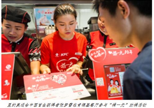 “傳播公益是一種愛(ài)。我希望讓家人、周邊的朋友和百勝中國(guó)的顧客和員工一起,參與到‘捐一元’的公益項(xiàng)目中!鼻淙菖勘硎荆骸拔覀円米约旱男袆(dòng)讓孩子和更多的人能明白,人幸福的時(shí)候,更要懷揣感恩與憐憫之心。生活有許多不易之處,但彼此心里有愛(ài)、互相幫助,艱難的情況就會(huì)有所改善,生活的快樂(lè)也會(huì)隨之而來(lái)!
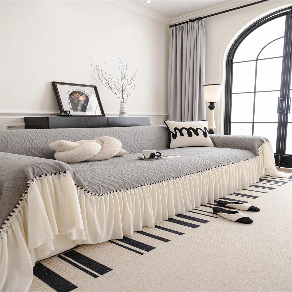 Sofa Cover with Skirt Design Anti-Slip Cat-Resistant Bubble Pattern Four Seasons Sofa Protector
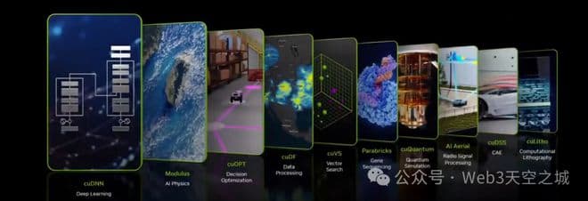 我们最著名的应用程序库之一是QDNN,它民主化了我们所知的人工智能。这些加速库已涵盖了众多不同领域,使得加速计算似乎无处不在。这是因为我们采用这种架构覆盖了几乎每一个行业。现在,CUDA加速计算已达到临界点。
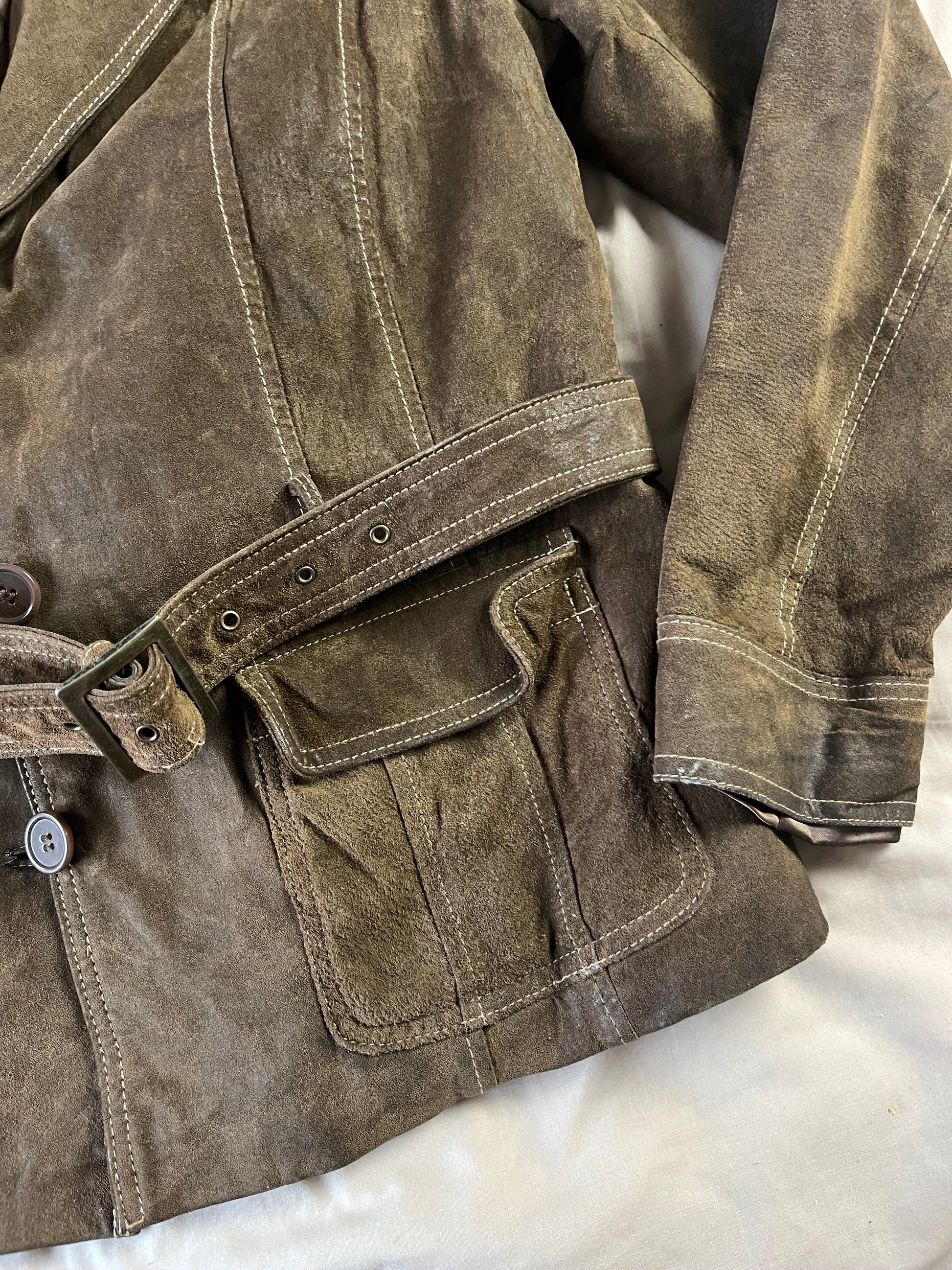 1990s brown suede button up front jacket! This has a belted waist for a flattering fit. Made from genuine suede.
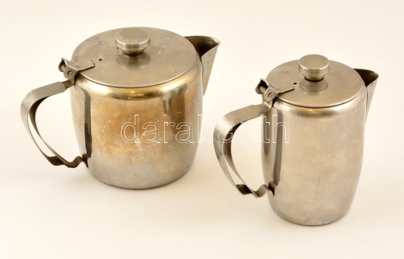 Leírás: 2 db fém kiöntő, jelzés nélkül, az egyik rozsdamentes acél, 12x11 cm, és 13x8 cm
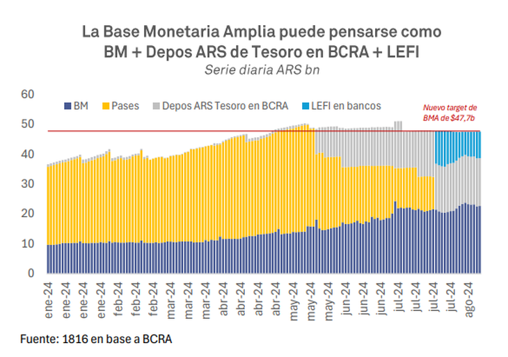 La consultora 1816, en su informe semanal, le puso números a la afirmación: la base monetaria (BM) hoy ronda los $22,6 billones y la base monetaria amplia (que, según su análisis, incluye la BM, los depósitos del Gobierno en el BCRA y el stock de LEFI en poder de los bancos) se ubica en $47,7 billones, en línea con el margen de expansión monetaria máximo pautado por el Central. “Si es así, pareciera que falta mucho”, sostuvo 1816.
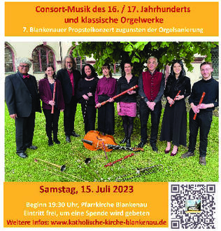 Im Rahmen des Kultursommers Main-Kinzig-Fulda findet am Samstag, 15. Juli 2023, Beginn 19:30 Uhr, in der Pfarrkirche St. Simon und Judas, das 7. Blankenauer Propsteikonzert statt. Auf dem Programm stehen Consort-Musik des 16. und 17. Jahrhunderts, interpretiert vom Salvatoris Consort und klassische Orgelwerke, gespielt von Regionalkantor Ulrich Moormann.
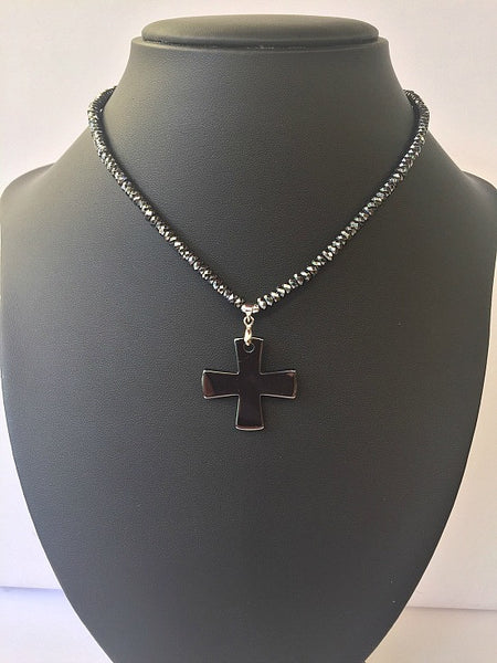 A stunning faceted hematite bead necklace with a gorgeous Cross pendant.
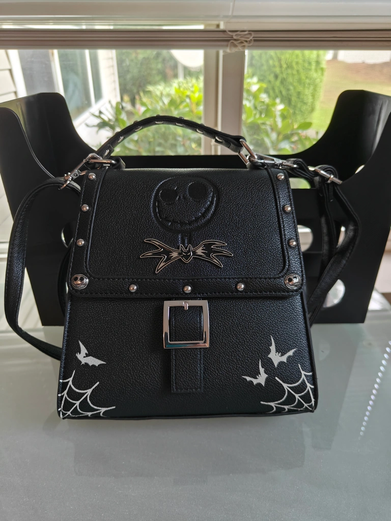 Super cute Nightmare Before Christmas crossbody bag! It's black with Jack Skellington and bat designs. Perfect for any Tim Burton fan.
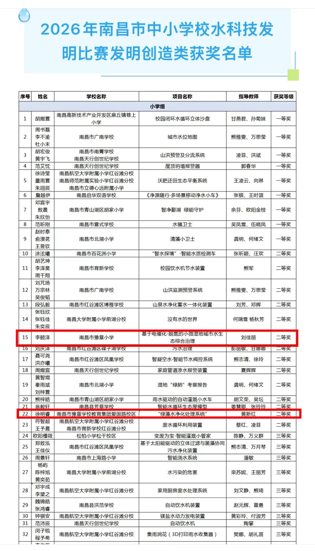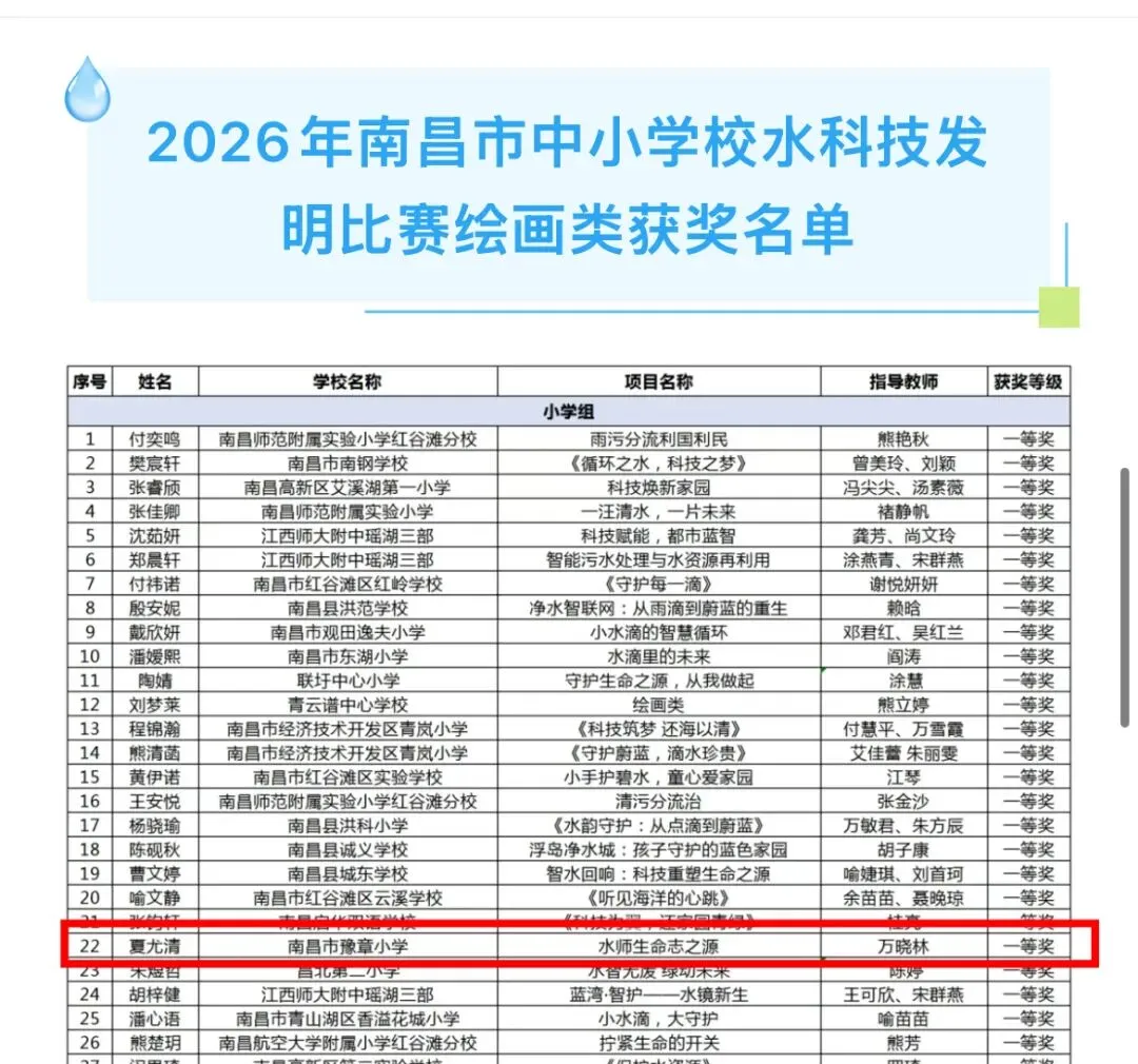 近日,2026年南昌市中小学水科技发明比赛获奖结果正式公示。学校学生积极参赛、表现亮眼,在绘画类与发明创造类赛事中荣获多项荣誉,展现了出色的环保意识与创新实践能力。
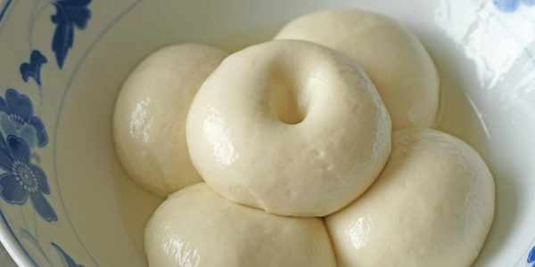 11、我們來看一下面團醒好瞭沒,用手指按壓下,如果沒有馬上回彈,就說明已經醒好瞭,我們把面團取出來放砧板上,用手掌按壓成小餅

**Work item:**
Pictures must be left out of the answer, which should be exactly the lines from the one holding "近日,2026年南昌市中小学" through the last line of the entries above, both included; please add nothing.

**Answer area:**
 近日,2026年南昌市中小学水科技发明比赛获奖结果正式公示。学校学生积极参赛、表现亮眼,在绘画类与发明创造类赛事中荣获多项荣誉,展现了出色的环保意识与创新实践能力。
 11、我們來看一下面團醒好瞭沒,用手指按壓下,如果沒有馬上回彈,就說明已經醒好瞭,我們把面團取出來放砧板上,用手掌按壓成小餅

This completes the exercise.